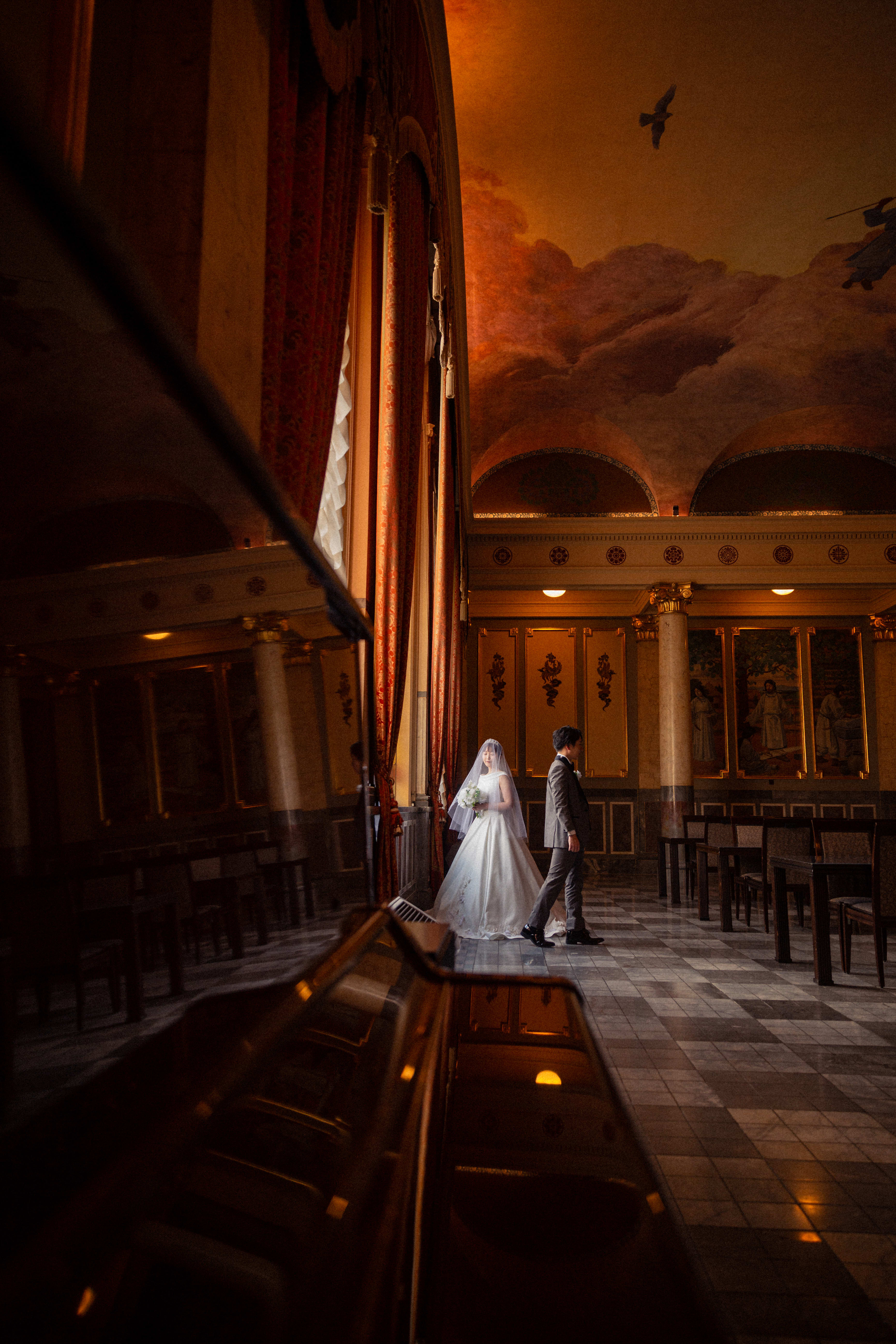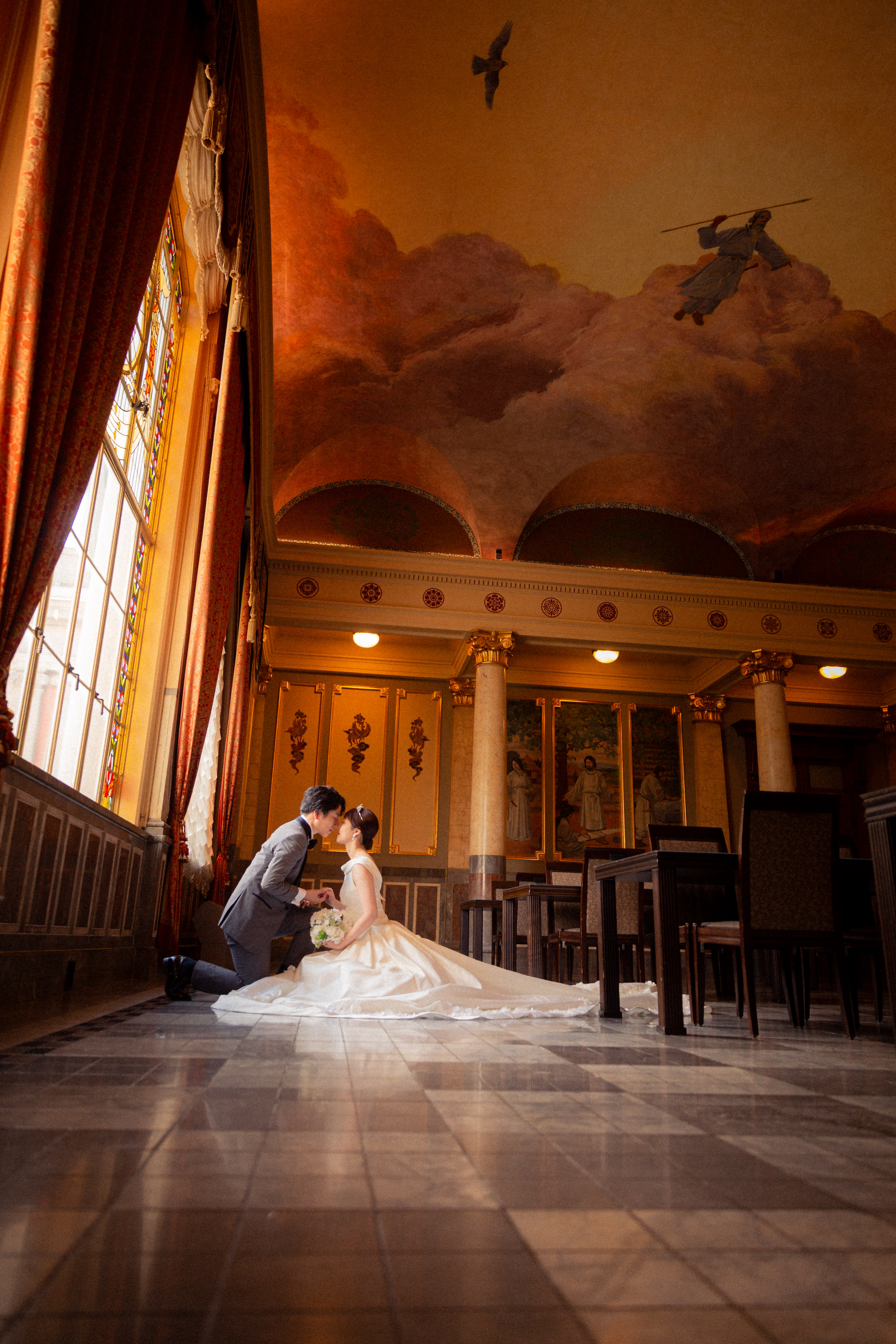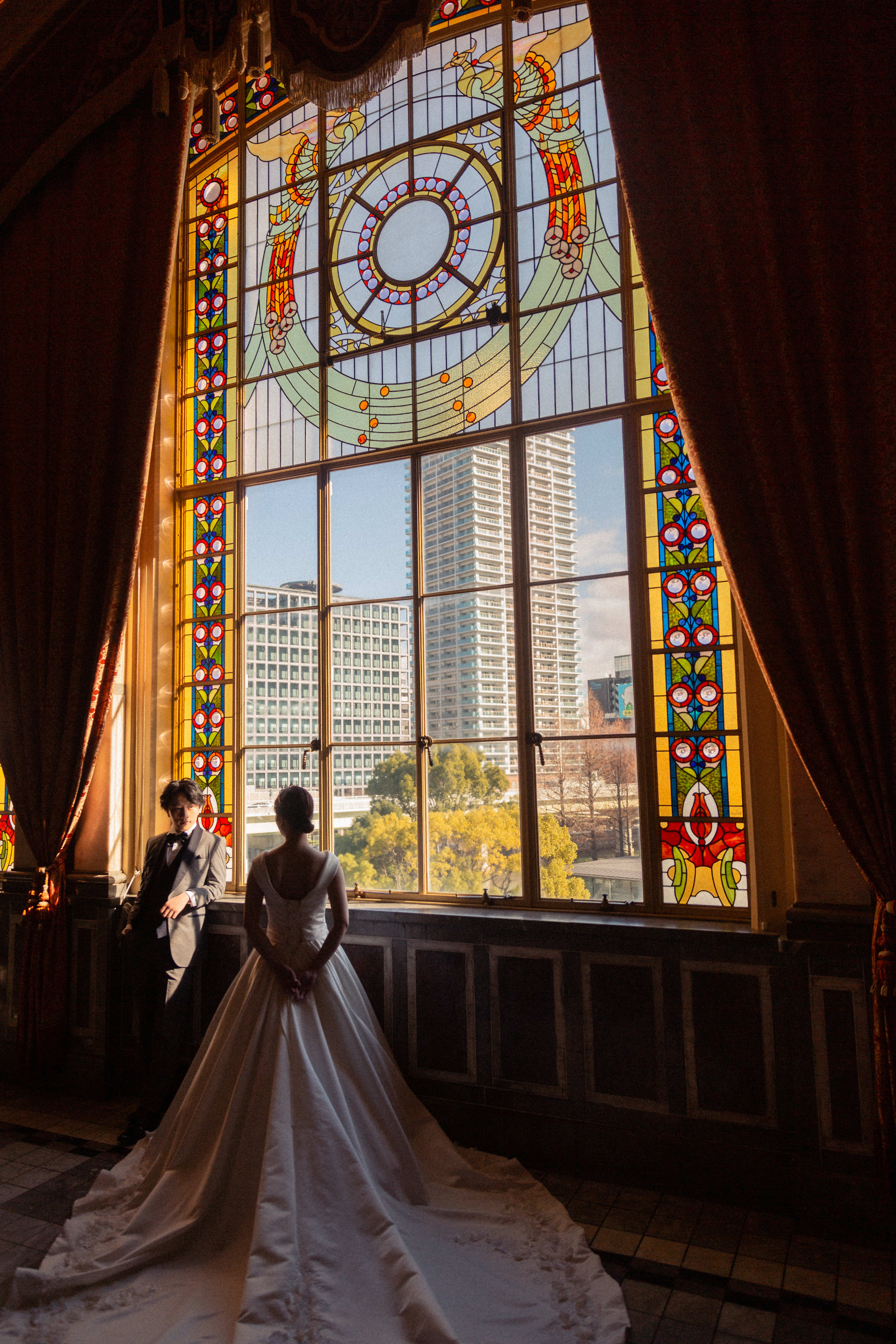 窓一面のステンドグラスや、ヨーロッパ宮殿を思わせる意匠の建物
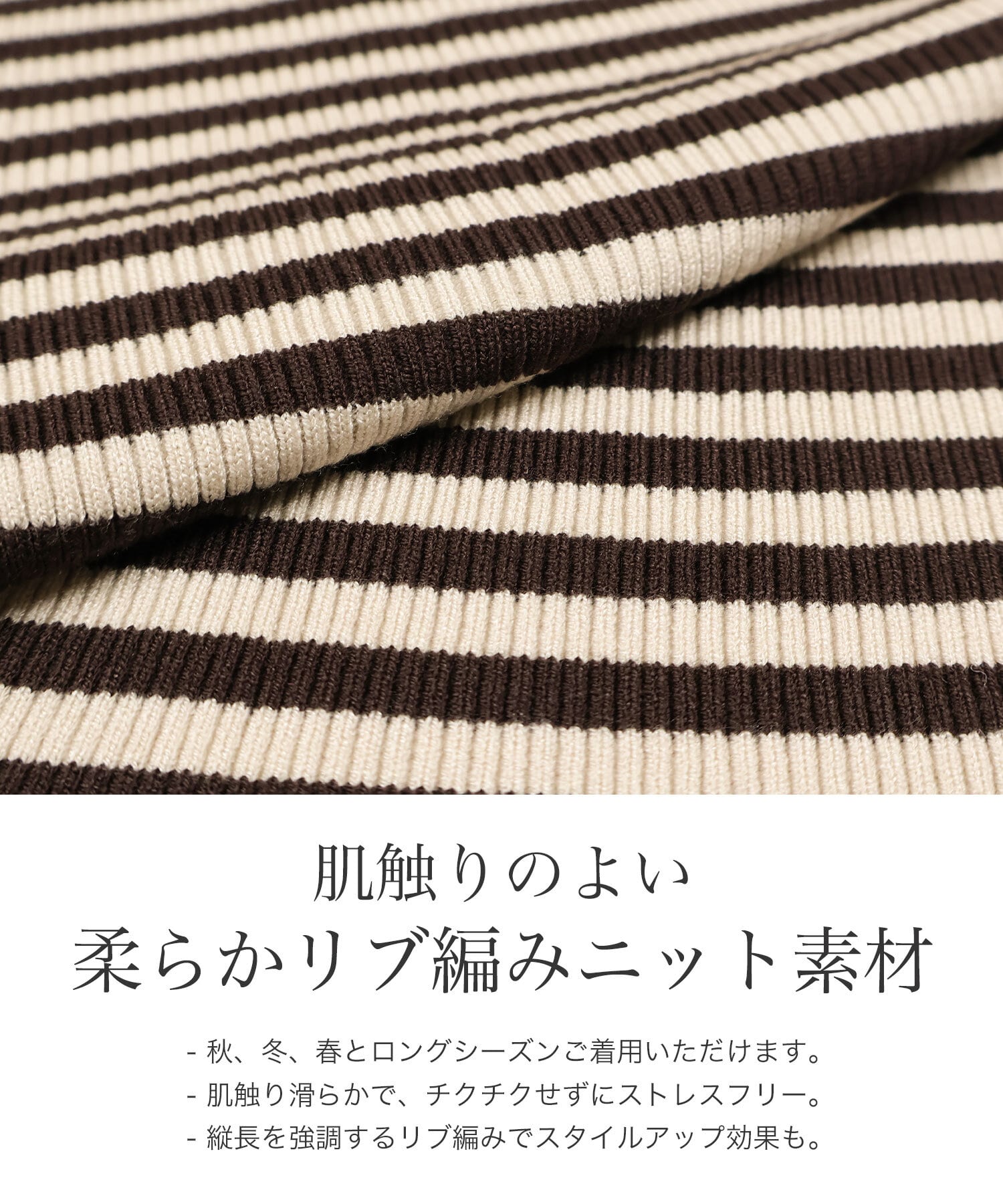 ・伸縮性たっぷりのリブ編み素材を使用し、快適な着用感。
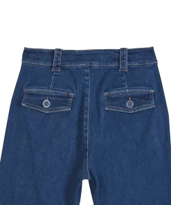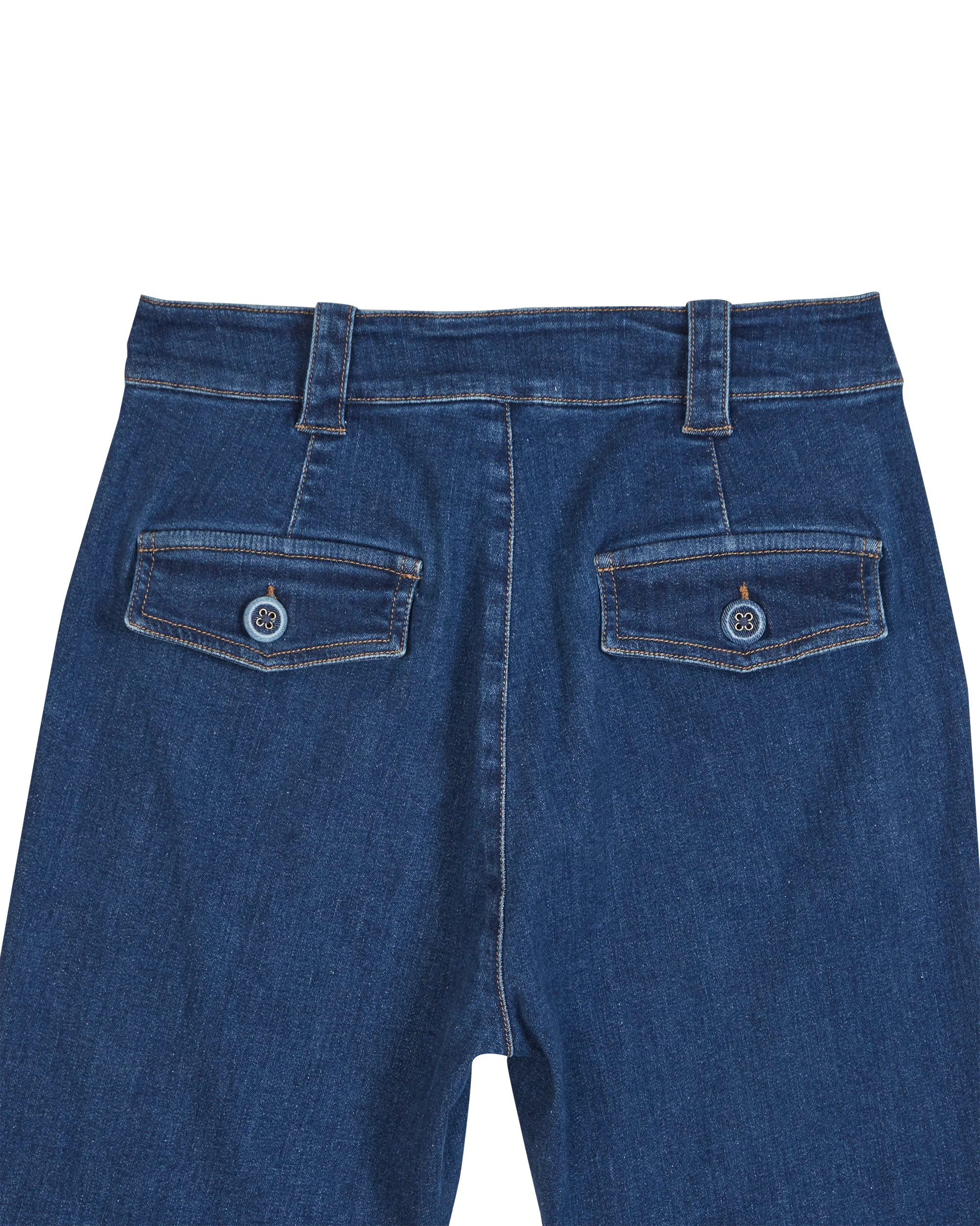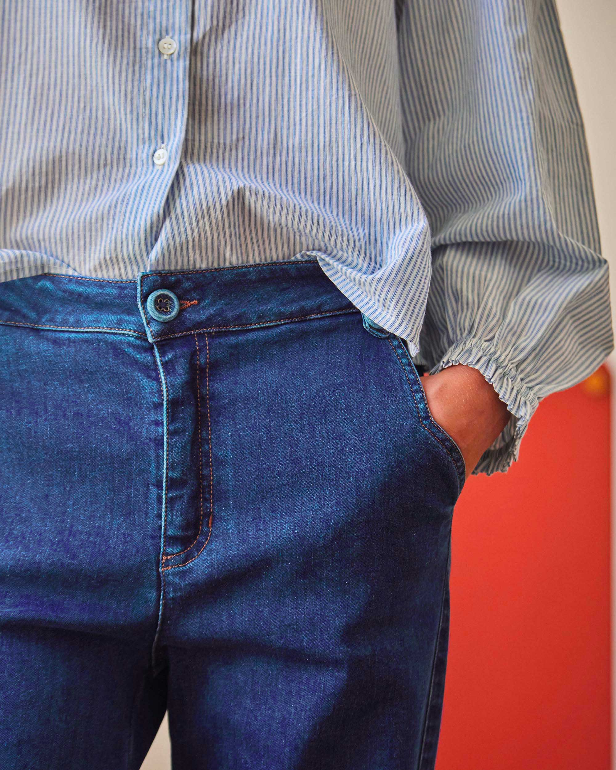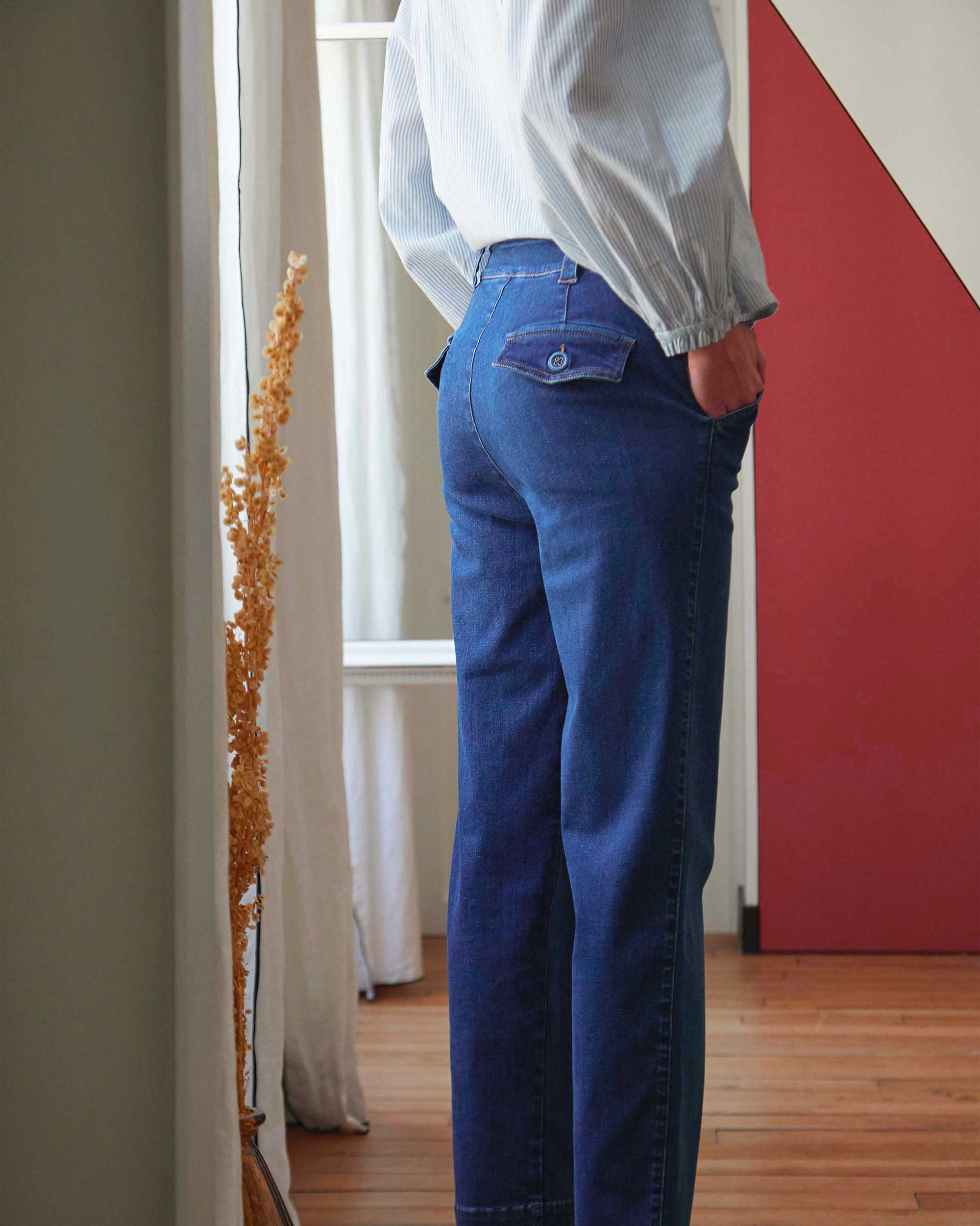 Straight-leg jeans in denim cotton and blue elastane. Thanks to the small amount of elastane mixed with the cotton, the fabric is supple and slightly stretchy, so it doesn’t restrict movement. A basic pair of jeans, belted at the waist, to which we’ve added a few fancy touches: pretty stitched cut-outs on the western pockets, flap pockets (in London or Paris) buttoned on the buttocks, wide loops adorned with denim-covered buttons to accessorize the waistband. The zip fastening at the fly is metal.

------------------------------

YOUR TASK - With the images excluded, reproduce the data above precisely as written.

ANSWER FOR THE TASK -
 窓一面のステンドグラスや、ヨーロッパ宮殿を思わせる意匠の建物
 ・伸縮性たっぷりのリブ編み素材を使用し、快適な着用感。
 Straight-leg jeans in denim cotton and blue elastane. Thanks to the small amount of elastane mixed with the cotton, the fabric is supple and slightly stretchy, so it doesn’t restrict movement. A basic pair of jeans, belted at the waist, to which we’ve added a few fancy touches: pretty stitched cut-outs on the western pockets, flap pockets (in London or Paris) buttoned on the buttocks, wide loops adorned with denim-covered buttons to accessorize the waistband. The zip fastening at the fly is metal.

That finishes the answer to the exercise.